Percona XtraDB Cluster 5.7

Percona is glad to announce the release of Percona XtraDB Cluster 5.7.26-31.37 on June 26, 2019. Binaries are available from the downloads section or from our software repositories.

Percona XtraDB Cluster 5.7.26-31.37 is now the current release, based on the following:

All Percona software is open-source and free.

Bugs Fixed

  • PXC-2480: In some cases, Percona XtraDB Cluster could not replicate CURRENT_USER() used in the ALTER statement. USER() and CURRENT_USER() are no longer allowed in any ALTER statement since they fail when replicated.
  • PXC-2487: The case when a DDL or DML action was in progress from one client and the provider was updated
    from another client could result in a race condition.
  • PXC-2490: Percona XtraDB Cluster could crash when binlog_space_limit was set to a value other than zero during wsrep_recover mode.
  • PXC-2491: SST could fail if the donor had encrypted undo logs.
  • PXC-2497: The user can set the preferred donor by setting the wsrep_sst_donor variable. An IP address is not valid as the value of this variable.

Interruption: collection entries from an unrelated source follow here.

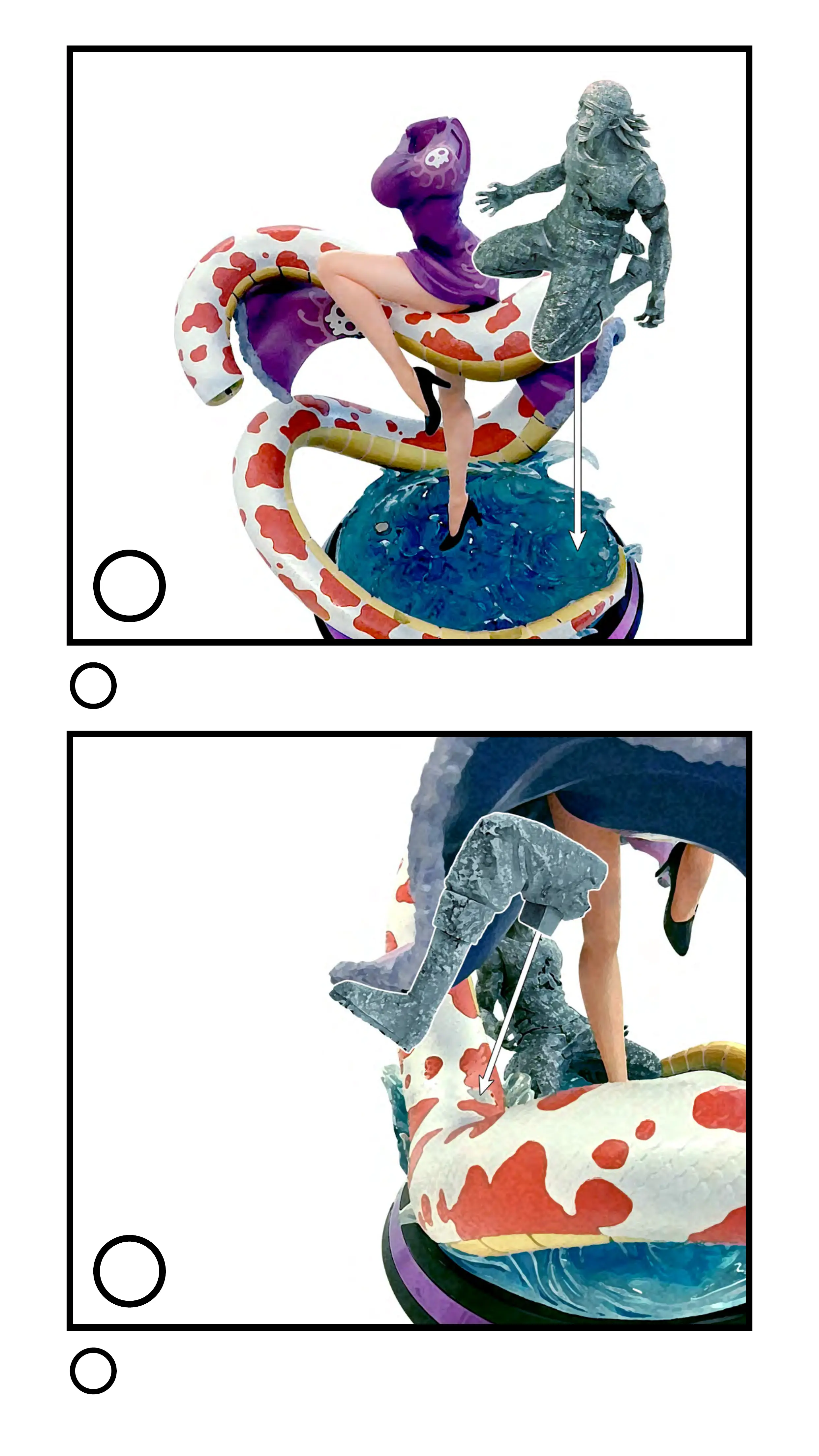 Placez le personnage pétrifié à genou sur le socle.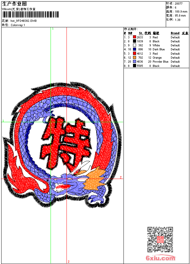 龙 点此上传花版兑乐绣币/现金 emb花版参数: 大小:139.00 KB / 尺寸:96*101[毫米] / 针数:20077针 / 线色:6 / 格式:emb / 版本:e2 版带文件需绣花软件方可打开,可配色打印导出各种格式或直接上机绣。如无绣花软件可下载1:1模拟效果图。 PNG图片信息:大小:0.2 (MB) /图宽*高:363x382(像素) emb下载 1:1图下载 关闭 相似花版: 蝴蝶 猫 龙 靓花 旗袍 波浪 古代 官服 鸟语花香 梅花 鞋垫 保罗 汉服 风景 桥 建筑 狐狸 凤凰 猫 猫 猫 靓花 汉服 鞋垫 鸟语花香 圆 太极 上一个花样:靓花 下一个花样:蝴蝶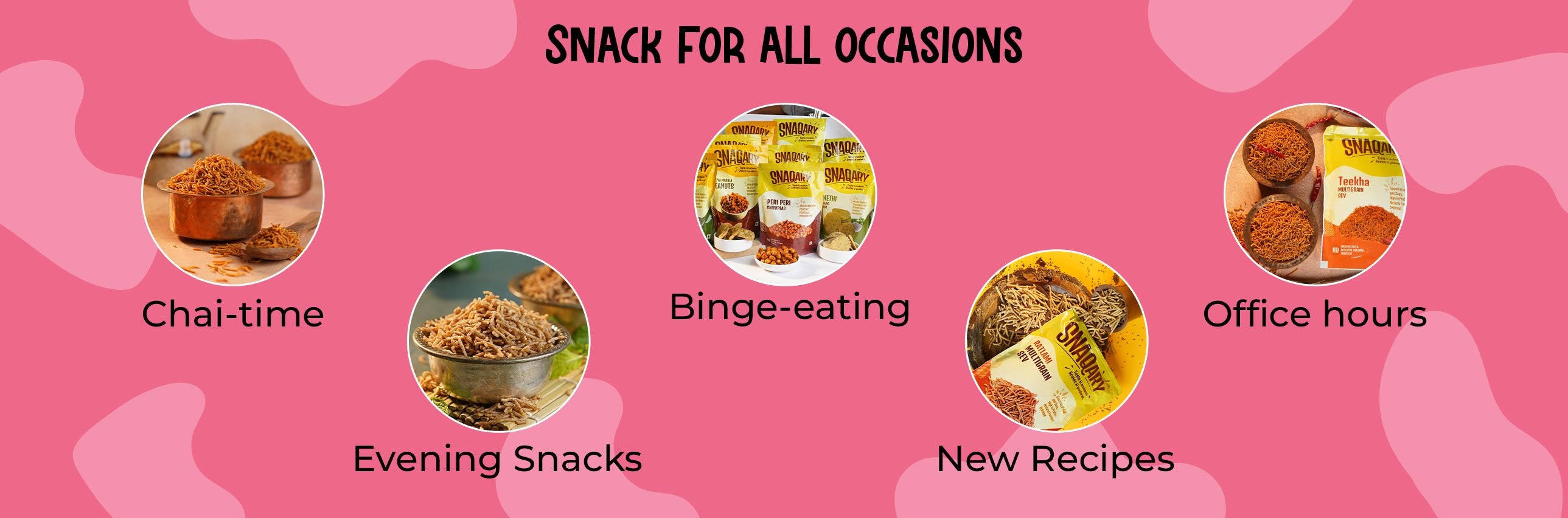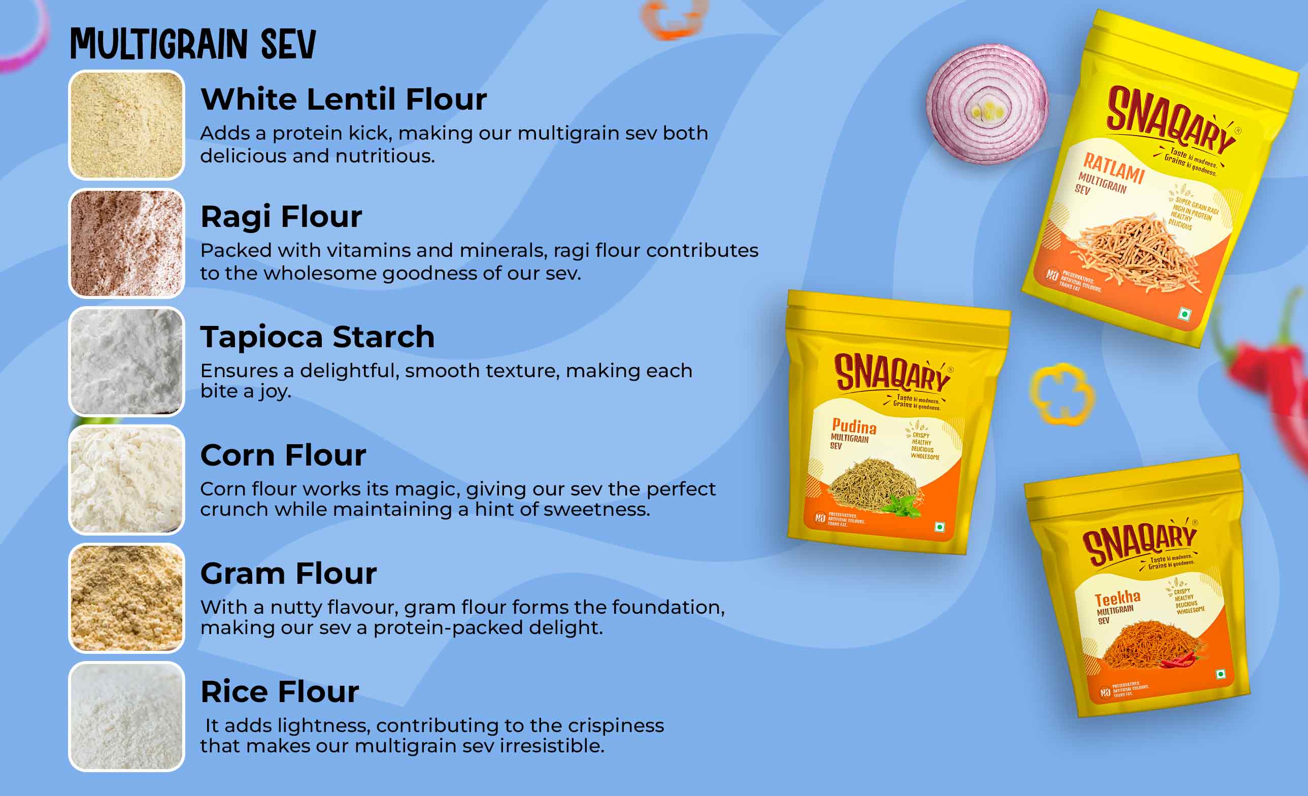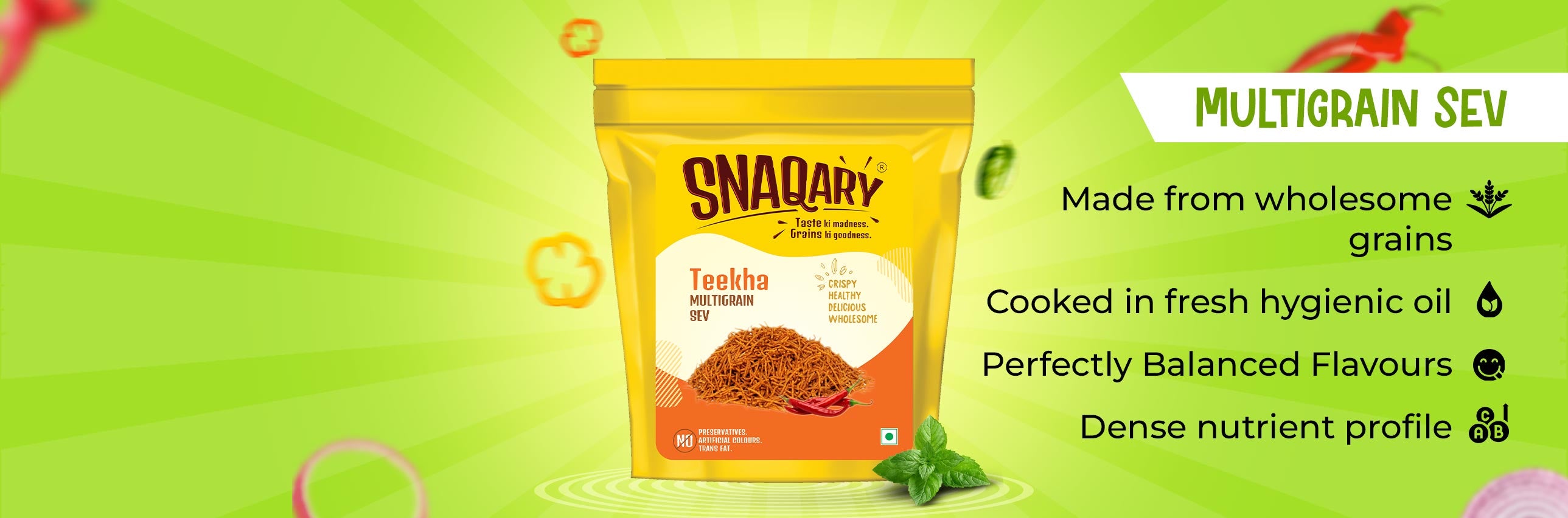 Snaqary Multigrain sev is a type of savoury Indian snack made from a mixture of different grains and spices. It is typically shaped into thin noodles or strands and deep-fried until crispy.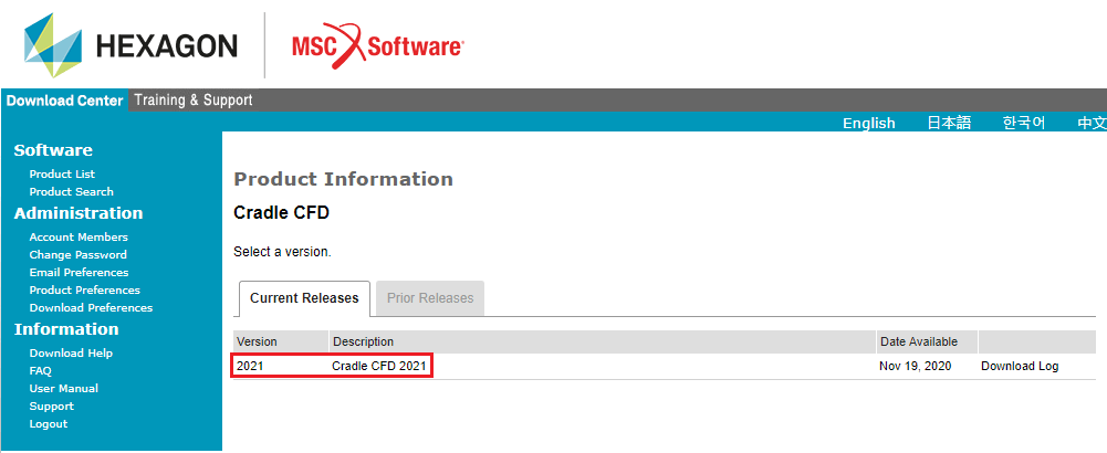 Step 3: Click on the latest cradle version available (Ex. Cradle CFD 2021).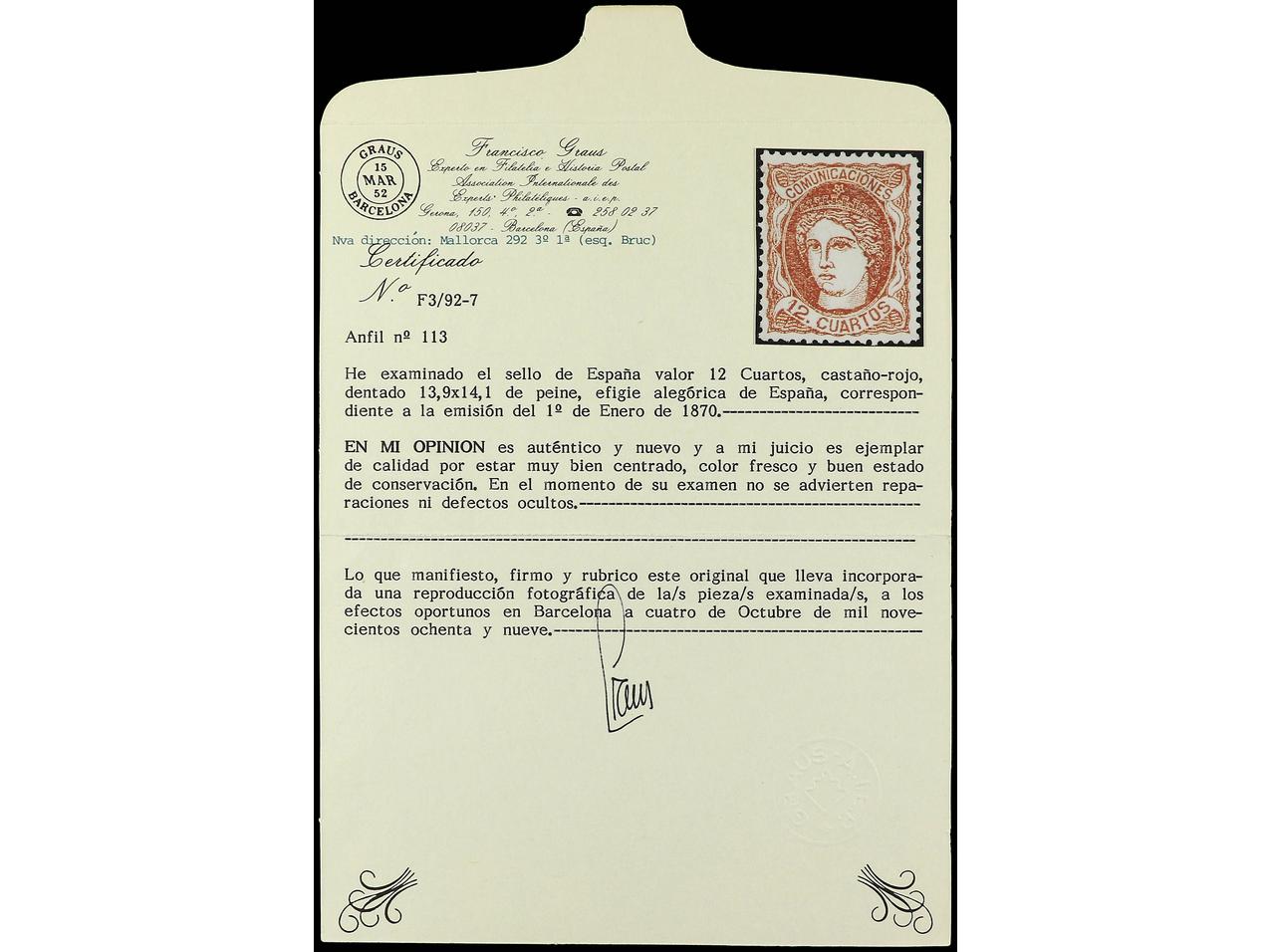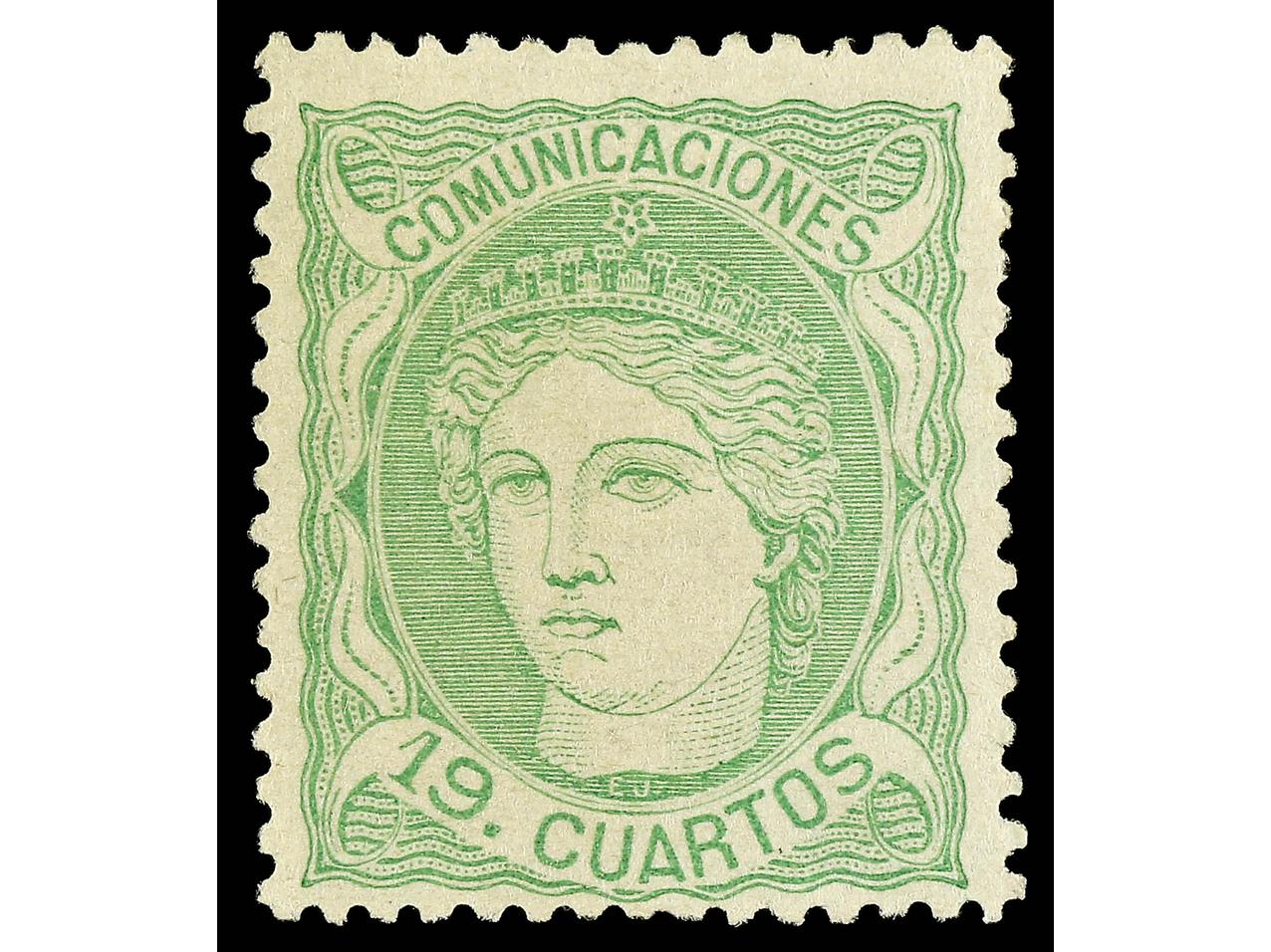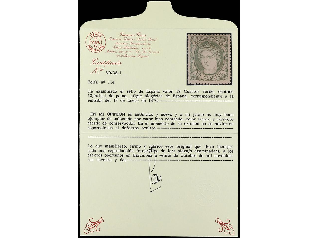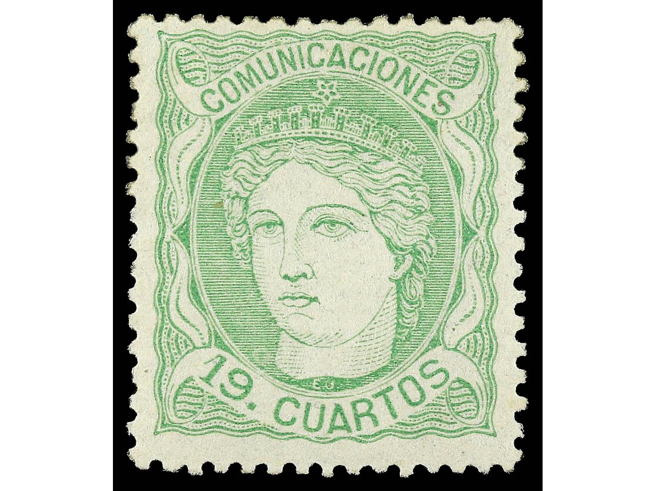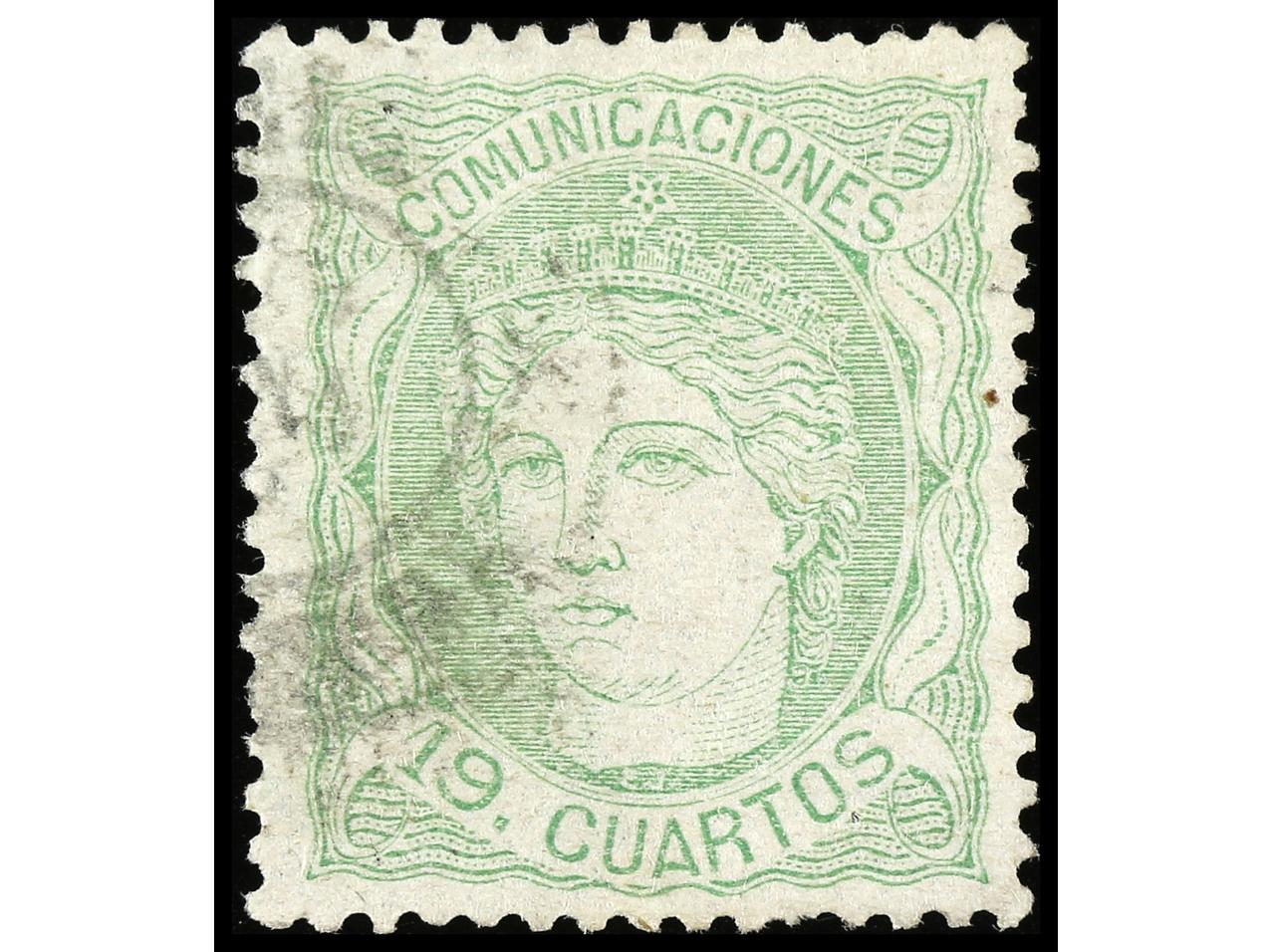 ESPAÑA. 19 cuartos verde. Muy bien centrado. Cert. GRAUS. Ed.114. Cat. 650€. (Image1) (Image2)

If the user still used an IP address, an error message was produced that did not provide sufficient information. The error message has been improved to suggest that the user check the value of the wsrep_sst_donor for an IP address.
  • PXC-2537: Nodes could crash after an attempt to set a password using mysqladmin

Other bugs fixedPXC-2276PXC-2292PXC-2476,  PXC-2560

Help us improve our software quality by reporting any bugs you encounter using our bug tracking system. As always, thanks for your continued support of Percona!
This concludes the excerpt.